Data records
┄┄┄┄┄┄┄┄┄┄┄┄┄┄┄┄┄┄┄┄
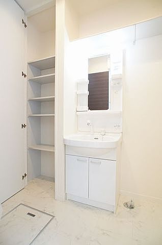身支度に便利な洗髪洗面化粧台です。洗面所にも収納棚を設置しているので水周りの小物を置くのに重宝します!
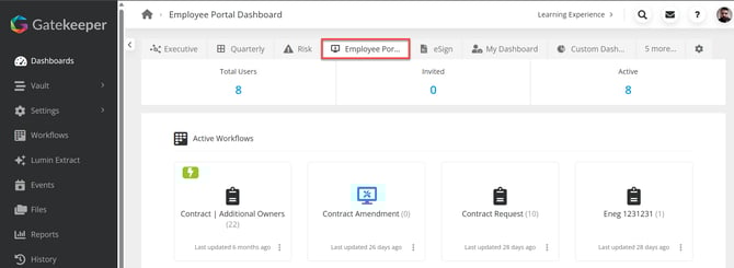 Employee Portal administrators have access to an additional dashboard, allowing them to oversee use of the Employee Portal:
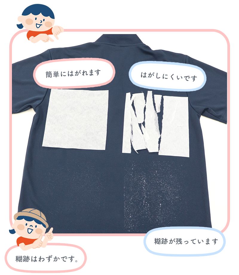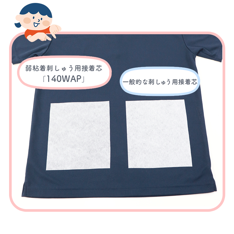粘着力が弱いので刺しゅうした後にはがしやすいのが特徴です。 Tシャツなど衣類への刺しゅうにおすすめです。 刺しゅうをした後にはがしやすく糊跡がつきにくい弱粘着刺しゅう用接着芯「140WAP」! 違いを検証! ~強伸縮素材のポロシャツに同じ条件でアイロン接着しました~ Tシャツ、タオルなど特殊素材への刺しゅうは 弱粘着刺しゅう用接着芯「140WAP」がおすすめです!! ※32cm×1m × 3枚は、1mずつカットしたものが3枚届きます。 ※32cm×10m ×1枚(1ロール)は、10メートル巻きのロールの状態で届きます。
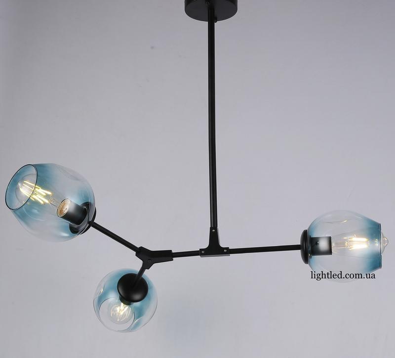 Чёрная люстра на 3 голубых молекулы (52-l7731-3 bk+bl)
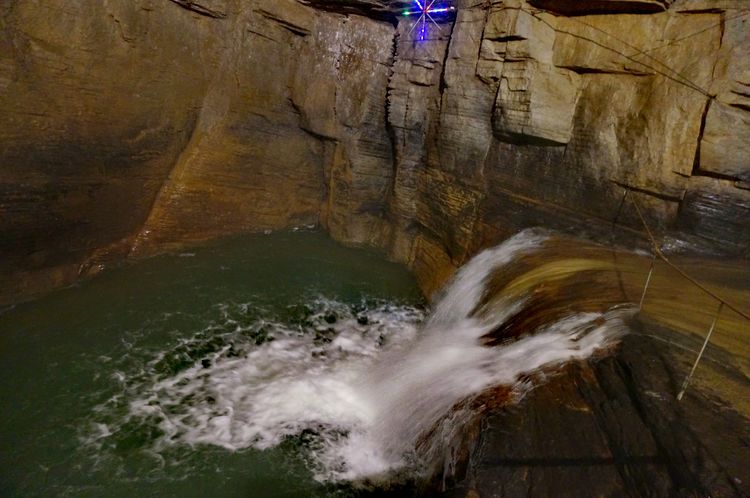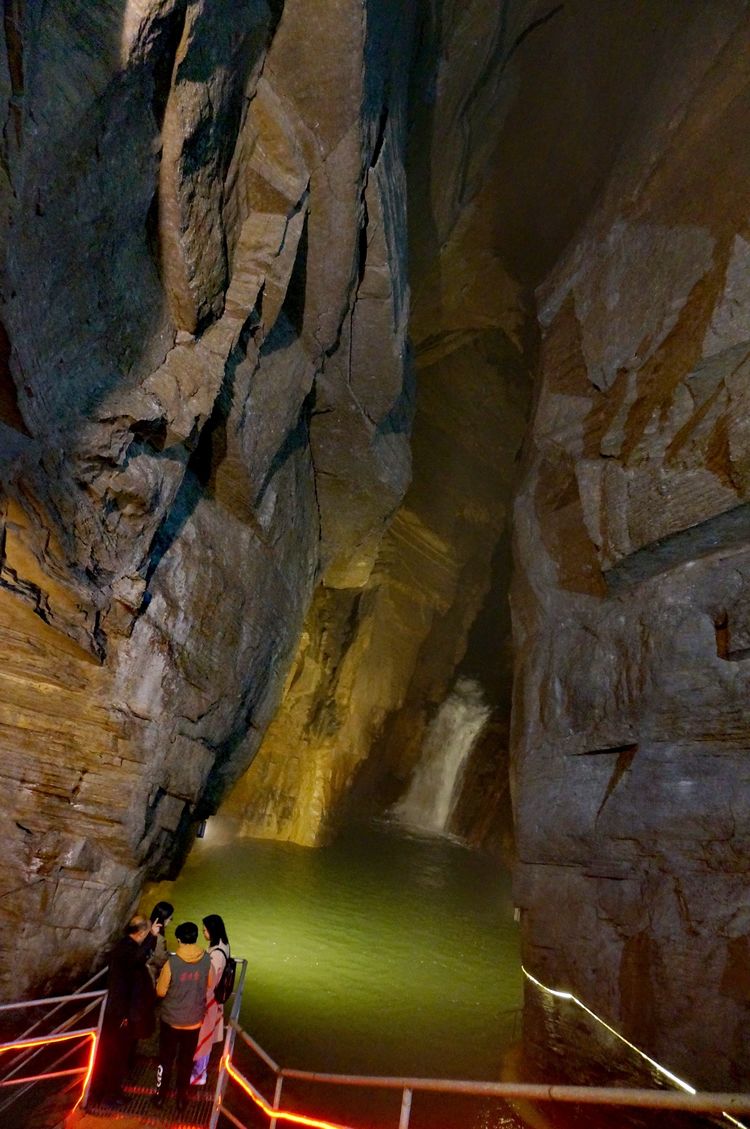 进至洞内,便是远处看见的小房子,几台发电机在轰鸣。 出电站,往右行是莲花池,硕大的莲花状钟乳石挂在头顶的崖壁上,底下是幽深的潭水。
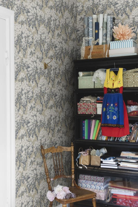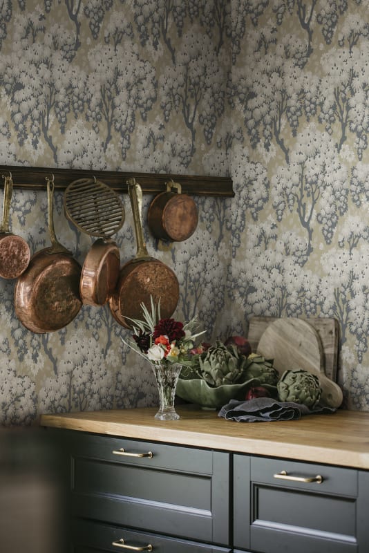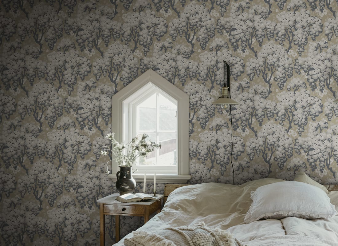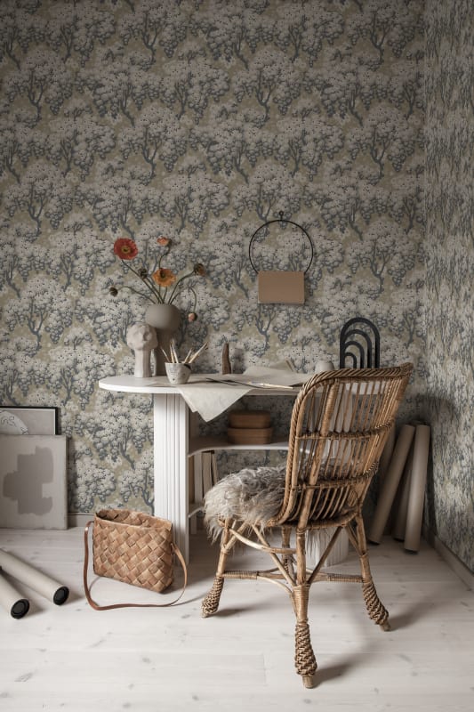 Likened to simply existing within the dancing crowns of the linden trees and their floral bed. This wallpaper from our archives is available in three new colourways. The detailed patterns of foliage and tiny daisies are interwoven to create an uplifting sense of gentle, cloudy skies.Designed by Från ett 1920-talsoriginal
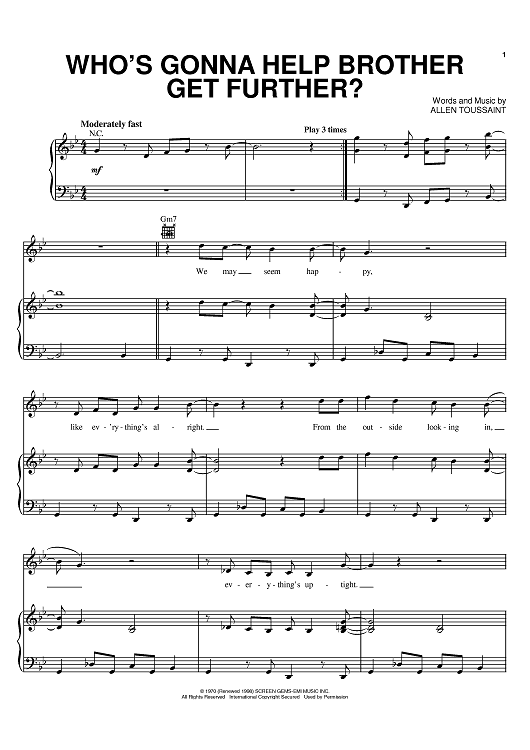Digital Sheet Music for Who's Gonna Help Brother Get Further? by Elvis Costello, Allen Toussaint scored for Piano/Vocal/Chords; id:394731
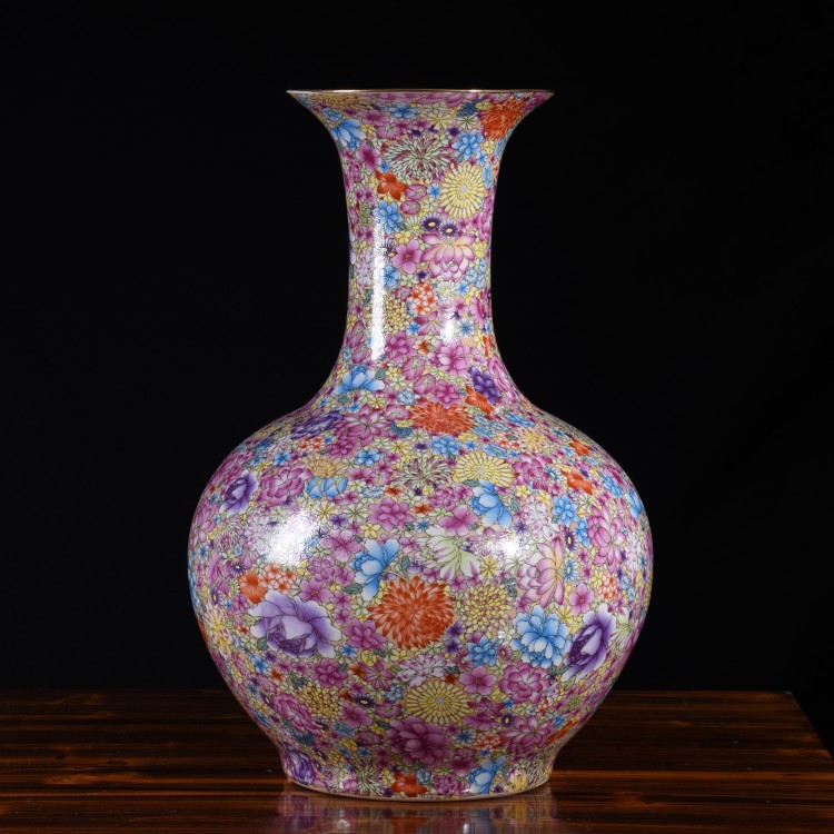 Antique-style Enamel-color Peony-and-goldfish Vase With A Fish-tail Base For Decoration
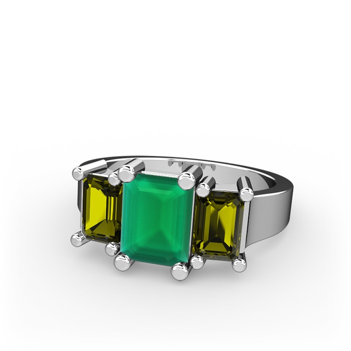 Kök zümrüt ve peridot 18 ayar beyaz altın yüzük
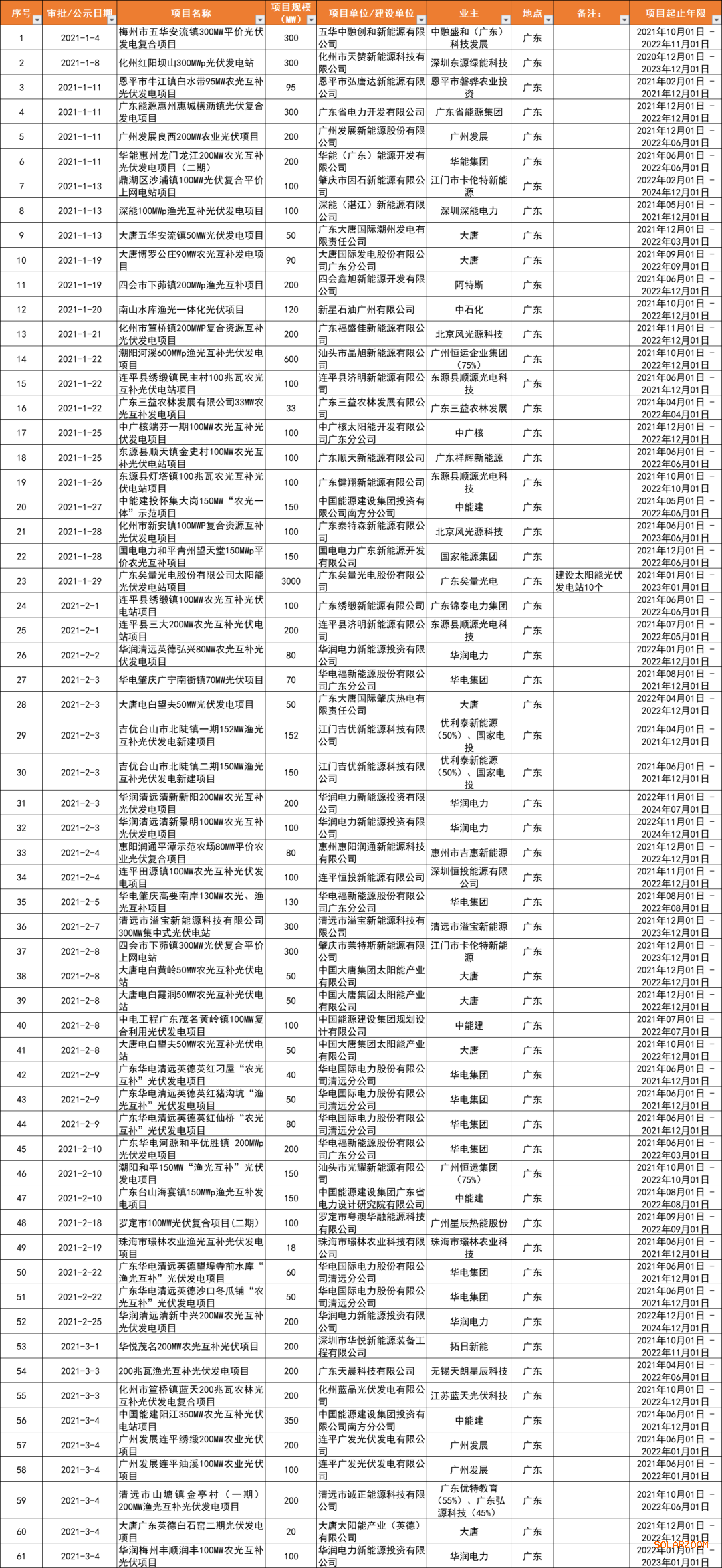 備注:表中僅列出總備案容量超過300MW的業主名單,因項目名單眾多,難免有疏漏,上述表格不做排名依據,僅供參考(備案項目統計截至2021.3.24)
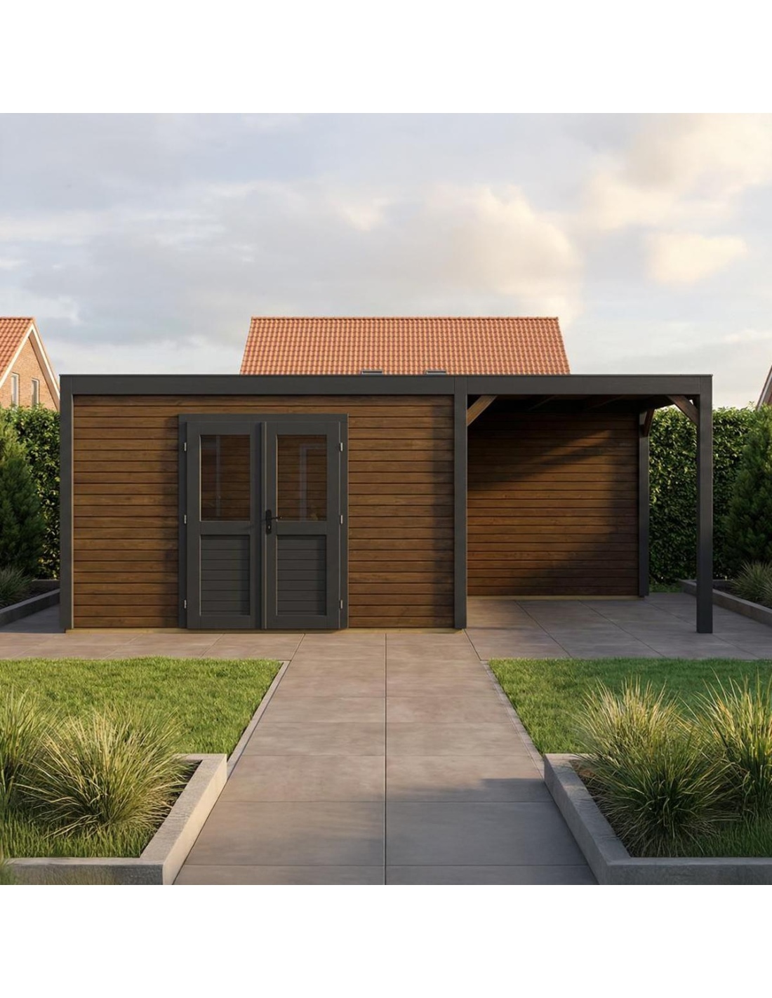 (!) Das Produkt enthält keine Dacheindeckung und kein Wasserableitungssystem – es ist notwendig, eine EPDM-Folie mit Montageprofilen sowie ein Fallrohr zur Dachentwässerung zu erwerben, um Schutz vor Witterungseinflüssen zu gewährleisten.
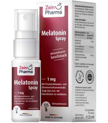 Anwendungsgebiet von Melatonin+ 1mg Spray von ZEINpharmaMelatonin+ 1mg Spray von ZEINpharma ist ein Nahrungsergänzungsmittel mit Melatonin, Passionsblumen- und Zitronenmelissen Extrakt in Mundsprayform und dem Zusatz an natürlichem Aroma aus schwarzen Johannisbeeren.Wirkungsweise von Melatonin+ 1mg Spray von ZEINpharmaMelatonin ist ein Hormon, das vor allem vom Gehirn in der Zirbeldrüse gebildet wird. Der Körper stellt es aus Serotonin her, wobei die Synthese durch Licht gehemmt wird. Erst bei Dunkelheit im Laufe der Nacht steigt die Melatonin-Konzentration bis zum Zwölffachen an. Das gilt für junge Menschen, bei Älteren steigt die Konzentration oft nur noch bis zum Dreifachen. Das Maximum wird gegen 3 Uhr morgens erreicht, anschließend fällt die Konzentration wieder ab. Tagsüber zirkuliert nur wenig Melatonin im Blut. Das flüssige Melatonin ist optimal für Personen, die eine reine - und flüssige Applikation wünschen. Die Aufnahme vom Körper wird direkt über die Mundschleimhaut in den Blutkreislauf gewährleistet weswegen es kurz vor dem Schlafengehen eingenommen werden kann und nicht wie bei Kapseln 30-60 Minuten vor dem Schlafengehen. Ein weiterer Vorteil ist die Umgehung des Magen-Darm-Trakts, was besonders für Menschen mit Resorptionsstörungen (beeinträchtigte Aufnahme von Nährstoffen durch den Darm) von Vorteil ist.Wirkstoffe / Inhaltsstoffe / ZutatenZutaten von Melatonin+ 1mg Spray von ZEINpharma: Wasser, Verdickungsmittel: Xylitol (25%) und Xanthan, Passionsblumenextrakt, Zitronenmelissen Extrakt, Melatonin,
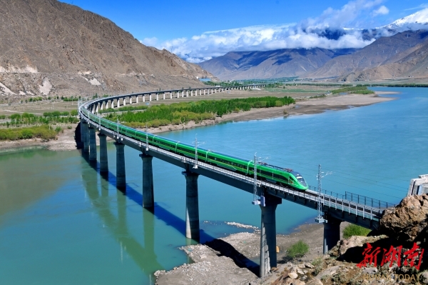由中国国家铁路集团有限公司统筹,中车株机公司等单位联合研制的复兴号高原内电双源动车组,傍行在雅鲁藏布江峡谷。罗春晓 摄
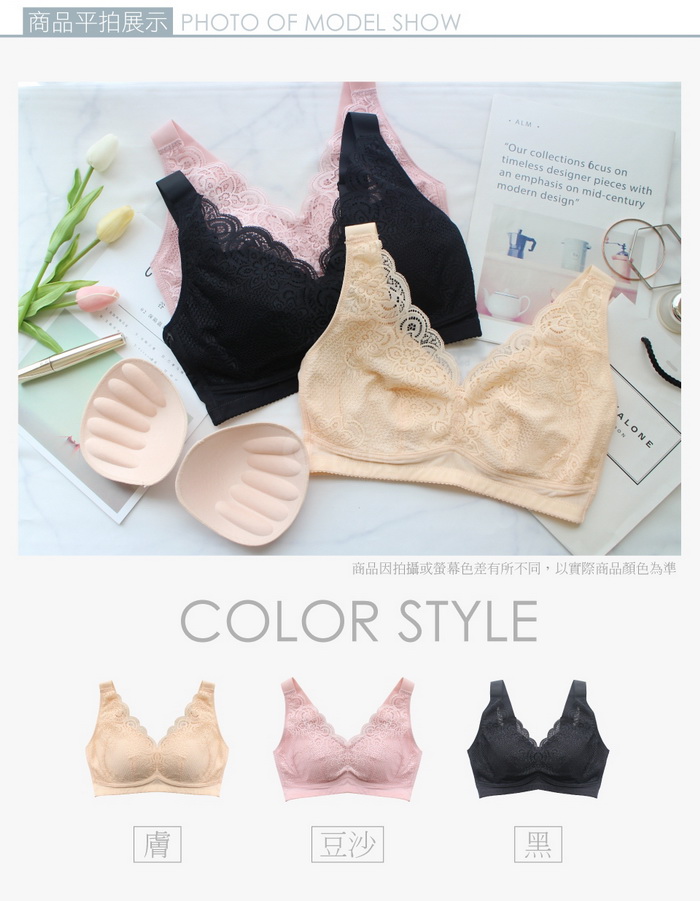 襯墊為可拆式手指型襯墊,完美掌托乳房,集中雙溝
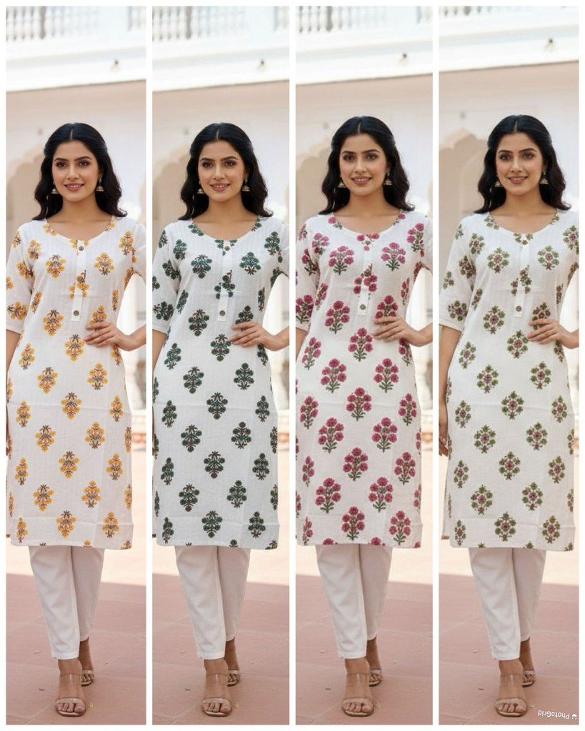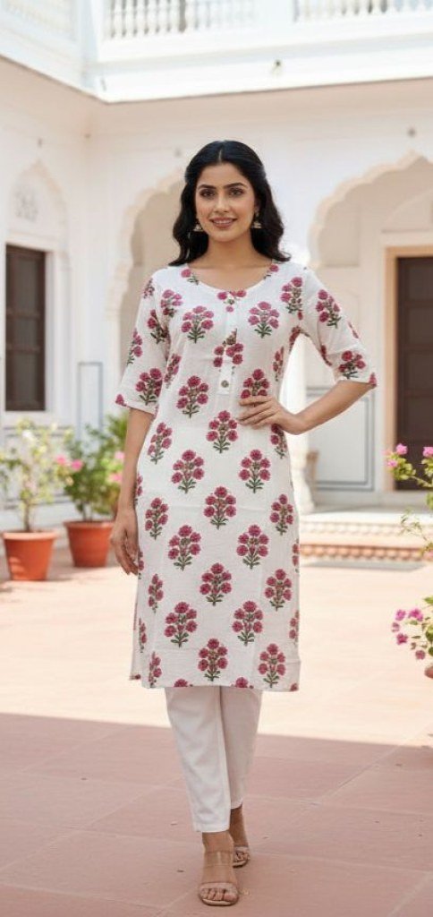 White Beauty Rayon Printed Kurti with Side Pocket And Dupatta Wholesale
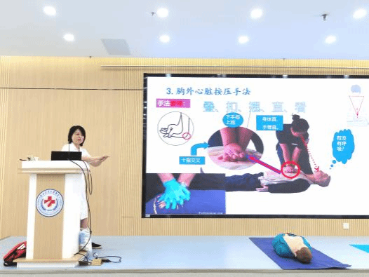 活动伊始,王治荣结合实际案例,带领同学们深入了解并认识急救的重要性,并提出“黄金四分钟”,时间就是生命的概念。随即从心肺复苏术,AED的使用,海姆利克急救法三方面展开具体讲解。
┄┄┄┄┄┄┄┄┄┄┄┄┄┄┄┄┄┄┄┄
Work task
Repeat the records above exactly, leaving out any pictures they contain.

Task response
身支度に便利な洗髪洗面化粧台です。洗面所にも収納棚を設置しているので水周りの小物を置くのに重宝します!
 Employee Portal administrators have access to an additional dashboard, allowing them to oversee use of the Employee Portal:
粘着力が弱いので刺しゅうした後にはがしやすいのが特徴です。 Tシャツなど衣類への刺しゅうにおすすめです。 刺しゅうをした後にはがしやすく糊跡がつきにくい弱粘着刺しゅう用接着芯「140WAP」! 違いを検証! ~強伸縮素材のポロシャツに同じ条件でアイロン接着しました~ Tシャツ、タオルなど特殊素材への刺しゅうは 弱粘着刺しゅう用接着芯「140WAP」がおすすめです!! ※32cm×1m × 3枚は、1mずつカットしたものが3枚届きます。 ※32cm×10m ×1枚(1ロール)は、10メートル巻きのロールの状態で届きます。
 Чёрная люстра на 3 голубых молекулы (52-l7731-3 bk+bl)
 进至洞内,便是远处看见的小房子,几台发电机在轰鸣。 出电站,往右行是莲花池,硕大的莲花状钟乳石挂在头顶的崖壁上,底下是幽深的潭水。
 Likened to simply existing within the dancing crowns of the linden trees and their floral bed. This wallpaper from our archives is available in three new colourways. The detailed patterns of foliage and tiny daisies are interwoven to create an uplifting sense of gentle, cloudy skies.Designed by Från ett 1920-talsoriginal
Digital Sheet Music for Who's Gonna Help Brother Get Further? by Elvis Costello, Allen Toussaint scored for Piano/Vocal/Chords; id:394731
 Antique-style Enamel-color Peony-and-goldfish Vase With A Fish-tail Base For Decoration
 Kök zümrüt ve peridot 18 ayar beyaz altın yüzük
 備注:表中僅列出總備案容量超過300MW的業主名單,因項目名單眾多,難免有疏漏,上述表格不做排名依據,僅供參考(備案項目統計截至2021.3.24)
 (!) Das Produkt enthält keine Dacheindeckung und kein Wasserableitungssystem – es ist notwendig, eine EPDM-Folie mit Montageprofilen sowie ein Fallrohr zur Dachentwässerung zu erwerben, um Schutz vor Witterungseinflüssen zu gewährleisten.
 Anwendungsgebiet von Melatonin+ 1mg Spray von ZEINpharmaMelatonin+ 1mg Spray von ZEINpharma ist ein Nahrungsergänzungsmittel mit Melatonin, Passionsblumen- und Zitronenmelissen Extrakt in Mundsprayform und dem Zusatz an natürlichem Aroma aus schwarzen Johannisbeeren.Wirkungsweise von Melatonin+ 1mg Spray von ZEINpharmaMelatonin ist ein Hormon, das vor allem vom Gehirn in der Zirbeldrüse gebildet wird. Der Körper stellt es aus Serotonin her, wobei die Synthese durch Licht gehemmt wird. Erst bei Dunkelheit im Laufe der Nacht steigt die Melatonin-Konzentration bis zum Zwölffachen an. Das gilt für junge Menschen, bei Älteren steigt die Konzentration oft nur noch bis zum Dreifachen. Das Maximum wird gegen 3 Uhr morgens erreicht, anschließend fällt die Konzentration wieder ab. Tagsüber zirkuliert nur wenig Melatonin im Blut. Das flüssige Melatonin ist optimal für Personen, die eine reine - und flüssige Applikation wünschen. Die Aufnahme vom Körper wird direkt über die Mundschleimhaut in den Blutkreislauf gewährleistet weswegen es kurz vor dem Schlafengehen eingenommen werden kann und nicht wie bei Kapseln 30-60 Minuten vor dem Schlafengehen. Ein weiterer Vorteil ist die Umgehung des Magen-Darm-Trakts, was besonders für Menschen mit Resorptionsstörungen (beeinträchtigte Aufnahme von Nährstoffen durch den Darm) von Vorteil ist.Wirkstoffe / Inhaltsstoffe / ZutatenZutaten von Melatonin+ 1mg Spray von ZEINpharma: Wasser, Verdickungsmittel: Xylitol (25%) und Xanthan, Passionsblumenextrakt, Zitronenmelissen Extrakt, Melatonin,
由中国国家铁路集团有限公司统筹,中车株机公司等单位联合研制的复兴号高原内电双源动车组,傍行在雅鲁藏布江峡谷。罗春晓 摄
 襯墊為可拆式手指型襯墊,完美掌托乳房,集中雙溝
 White Beauty Rayon Printed Kurti with Side Pocket And Dupatta Wholesale
 活动伊始,王治荣结合实际案例,带领同学们深入了解并认识急救的重要性,并提出“黄金四分钟”,时间就是生命的概念。随即从心肺复苏术,AED的使用,海姆利克急救法三方面展开具体讲解。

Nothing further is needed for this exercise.